The illegal heroin sales which resulted in appellant’s apprehension and conviction were made to a federal narcotics agent through an intermediary named Paul LaFond. Prior to trial, appellant
moved through his attorney for permission to interview LaFond, who was then confined in a federal prison, and for disclosure by the government of the name of the informer who had introduced the federal agent to LaFond. The court acceded to appellant’s request to interview LaFond, but denied the request for disclosure by the government of the identity of the informer. The court further ordered that LaFond not be asked about the identity of such individual. This order was reinforced at the trial by the court’s refusal to allow the identification of any individuals with whom the narcotics agents talked regarding Paul LaFond’s activities. Appellant contends that this policy of nondisclosure impermissibly limited his attorney’s activities on his behalf and effectively eliminated any possibility he may have had to establish an entrapment defense.
Appellant relies chiefly on Roviaro v. United States, 353 U.S. 53, 77 S.Ct. 623, 1 L.Ed.2d 639 (1956), a case in which the Supreme Court reversed a conviction for possession of narcotics because the name of an informer had been withheld. The Court recognized the problem not as one calling for a fixed rule of disclosure but as “one that calls for balancing the public interest in protecting the flow of information against the individual’s right to prepare his defense.”
Id.
at 62, 77 S.Ct. at 628. The facts tipping the balance in favor of disclosure in
Roviaro
were supplied by the Court’s findings that the unidentified informer “had taken a material part in bringing about the possession of certain drugs by the accused, had been present with the accused at the occurrence of the alleged crime, and might [have been] a material witness as to whether the accused knowingly transported the drugs as charged.”
Id.
at 55, 77 S.Ct. at 625.
In the present case, no suggestion is made that the undisclosed informer actually witnessed the sales of heroin for which appellant was prosecuted, or that such individual played any part in the planning of those sales. Instead, the theory is that access to the individual who originally introduced LaFond to the government agent would have assisted the defense in determining whether LaFond was working for the government during the critical period and whether the heroin sales were therefore the fruits of an entrapment scheme.
The problem with this theory, as stated, is that LaFond was originally in-dieted along with appellant for his participation in the heroin sales in question, subsequently pleaded guilty to a substituted information and was given a two-year sentence. Furthermore, the government agent to whom the sales were made testified on cross-examination that he had no reason to believe that LaFond knew prior to his arrest that he was dealing with a government agent. In view of the government’s representation that disclosure of the name of the informant would involve a risk of physical harm, and despite LaFond’s disappearance at the time of the trial, we cannot say that the district court erred in holding that the informant’s involvement in the transactions was too tenuous to require disclosure.
See, e. g.,
United States v. Anthony, 444 F.2d 484, 486-487 (9th Cir. 1971); Zaroogian v. United States, 367 F.2d 959, 962 (1st Cir. 1966); Marderosian v. United States, 337 F.2d 759, 760-761 (1st Cir.), cert. denied, 380 U.S. 971, 85 S.Ct. 1328, 14 L.Ed.2d 268 (1964).

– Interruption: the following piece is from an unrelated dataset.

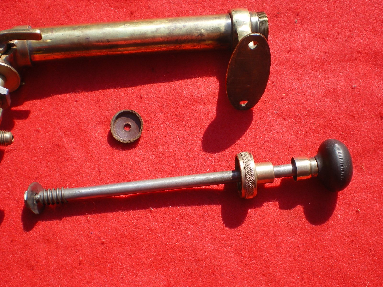 For Sale Brass hand operated fuel pressure pump. Great for brass speedster. Pump has a front port for an optional pressure gauge, currently has a threaded plug. Pump measures 10-1/2 inches in total length (Front plug to end of handle) and 1-inch in diameter tube. Shutoff valve operates smoothly. Comes with NOS leather cup (dry). Cup will need to be soaked in neatsfoot, regular or synthetic oil before installation. Not sure which oil is best. All threads are in good shape. Price $475. plus shipping. Call or text (248) 894-75fiveone. Thanks, Walt
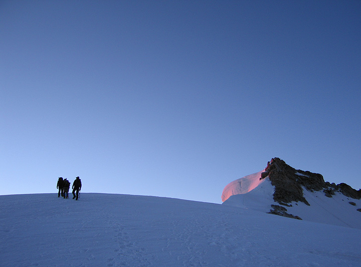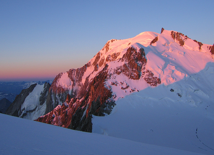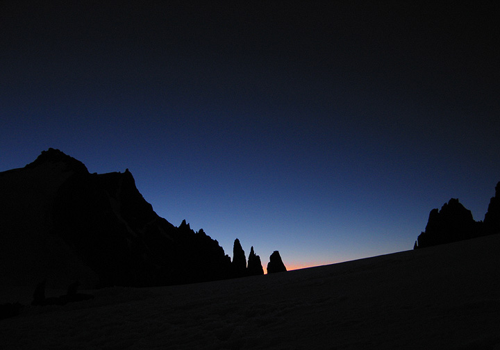 The following morning we were up before dawn to make an attempt on Mont Blanc. Some severe symptoms looking a lot like AMS, along with minor technology failure (only one of three headlamps was working by dawn!) led us to re-adjust our objectives to Mont Blanc du Tacul, seen here on the left. |

A more troublesome issue relates to the sentencing court’s refusal to allow the defendant access to the presentence report and to the court’s admitted reliance on certain unverified information contained therein.
The bulk of the
twelve-page report contained background information on appellant, his family and marital history, education, employment history, financial assets and obligations, religion, physical and mental health, military service record and a list of some 58 reported arrests over a twelve-year period.
The report also contained the unverified assertion, from a “reliable source”, that narcotics had been purchased at appellant’s home on at least five separate occasions prior to the events which led to his arrest. In addition, the report noted that the Hells Angels’ Motorcycle Club of Lowell, Massachusetts, of which appellant was the president, was “reportedly a brotherhood of individuals who have an extensive narcotic distribution complex with headquarters in Lowell. This Club is known to have not only actively dealt in drugs, but also has engaged in stealing motorcycles and holding them for ransom. They have also dealt in the illegal sale and procurement of firearms.” The report also stated that the appellant, while living in New Hampshire, was “known to have had dealings in drugs but only to a select number of people.”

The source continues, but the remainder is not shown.